## Exercise description
With the pictures omitted, repeat exactly the lines below starting with the line that has "We then started" and going on through the line that has "На гарнізоні полку".

Information supplied section start

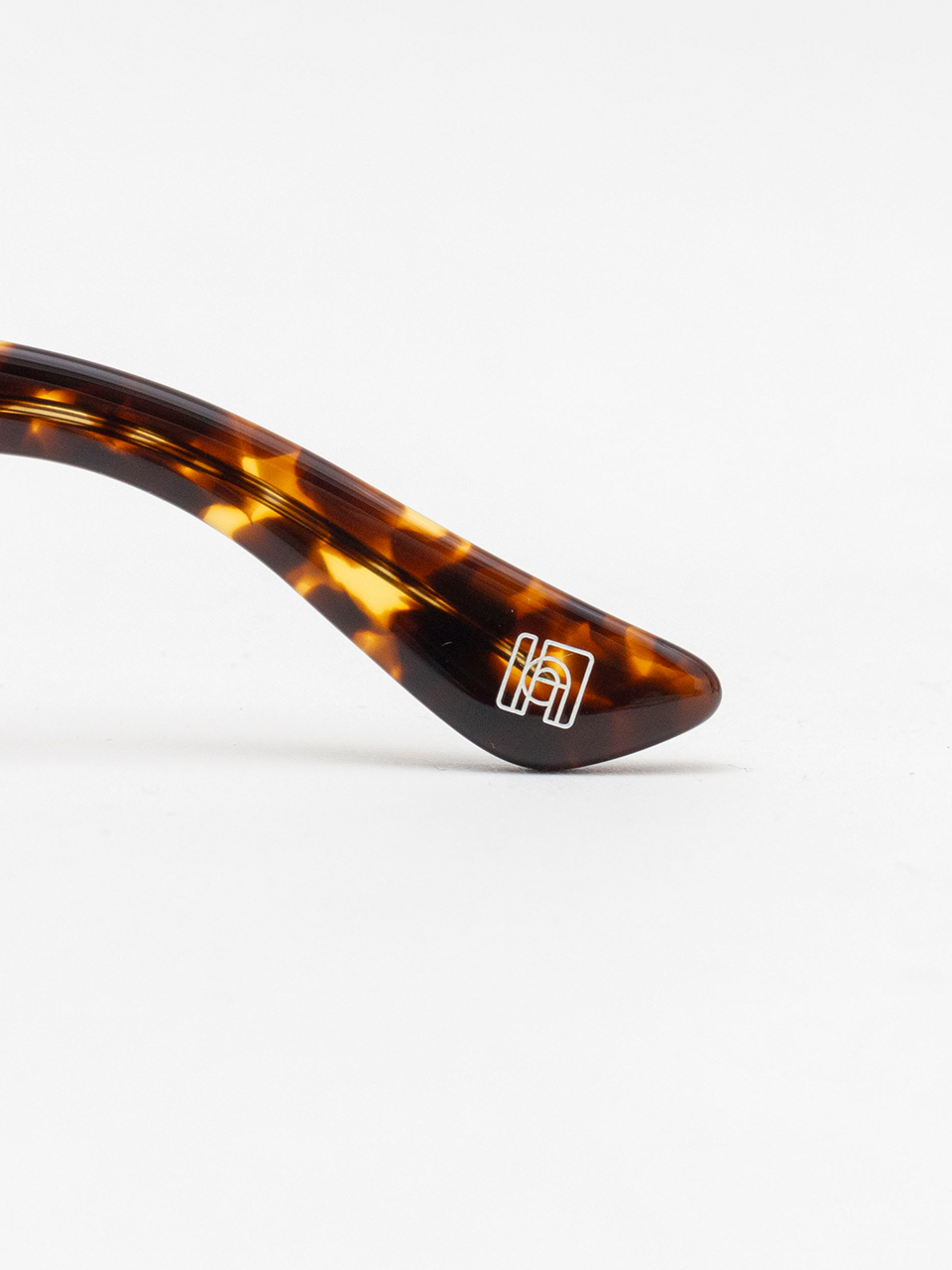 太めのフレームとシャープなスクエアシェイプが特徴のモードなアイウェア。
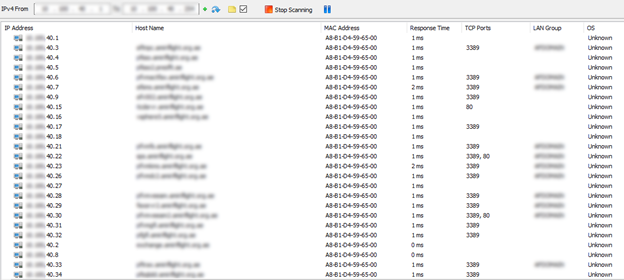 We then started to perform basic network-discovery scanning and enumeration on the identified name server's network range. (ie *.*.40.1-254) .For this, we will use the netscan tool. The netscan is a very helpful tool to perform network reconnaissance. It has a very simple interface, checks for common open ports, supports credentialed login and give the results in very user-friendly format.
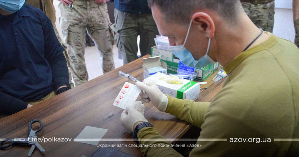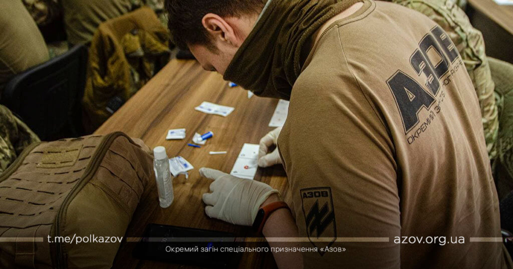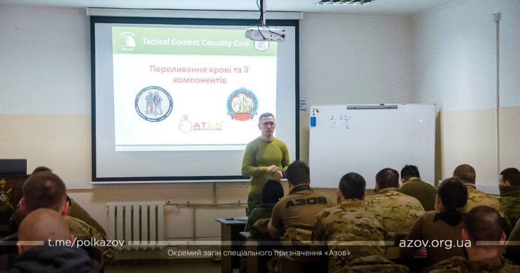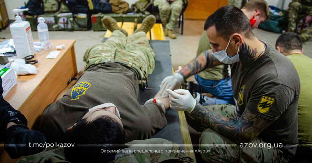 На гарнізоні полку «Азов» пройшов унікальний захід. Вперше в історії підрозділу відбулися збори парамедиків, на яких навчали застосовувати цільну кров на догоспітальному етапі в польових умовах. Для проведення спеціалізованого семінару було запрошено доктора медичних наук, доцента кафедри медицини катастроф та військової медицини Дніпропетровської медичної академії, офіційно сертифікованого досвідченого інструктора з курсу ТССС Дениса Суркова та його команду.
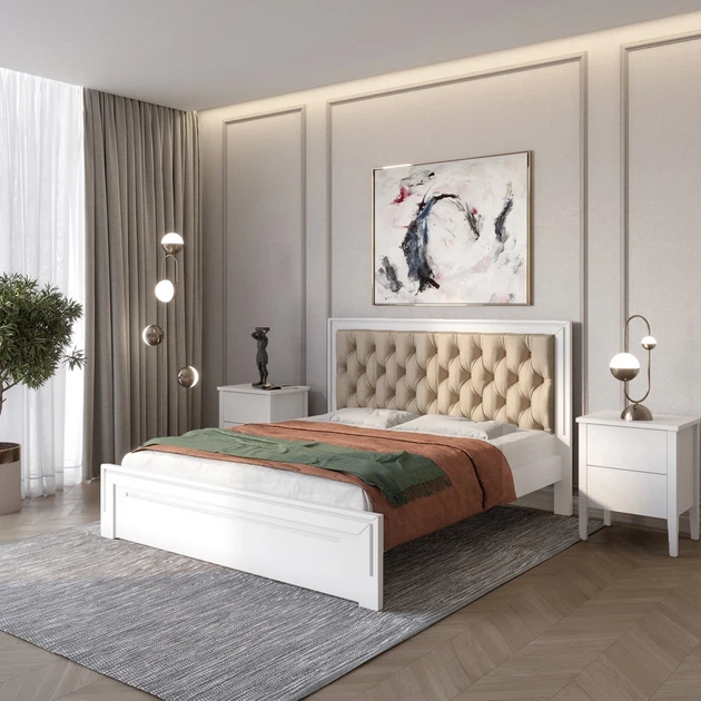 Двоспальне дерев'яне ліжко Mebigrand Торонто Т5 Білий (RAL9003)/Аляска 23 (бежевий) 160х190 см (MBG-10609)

Information supplied section end

## Answer space
 We then started to perform basic network-discovery scanning and enumeration on the identified name server's network range. (ie *.*.40.1-254) .For this, we will use the netscan tool. The netscan is a very helpful tool to perform network reconnaissance. It has a very simple interface, checks for common open ports, supports credentialed login and give the results in very user-friendly format.
 На гарнізоні полку «Азов» пройшов унікальний захід. Вперше в історії підрозділу відбулися збори парамедиків, на яких навчали застосовувати цільну кров на догоспітальному етапі в польових умовах. Для проведення спеціалізованого семінару було запрошено доктора медичних наук, доцента кафедри медицини катастроф та військової медицини Дніпропетровської медичної академії, офіційно сертифікованого досвідченого інструктора з курсу ТССС Дениса Суркова та його команду.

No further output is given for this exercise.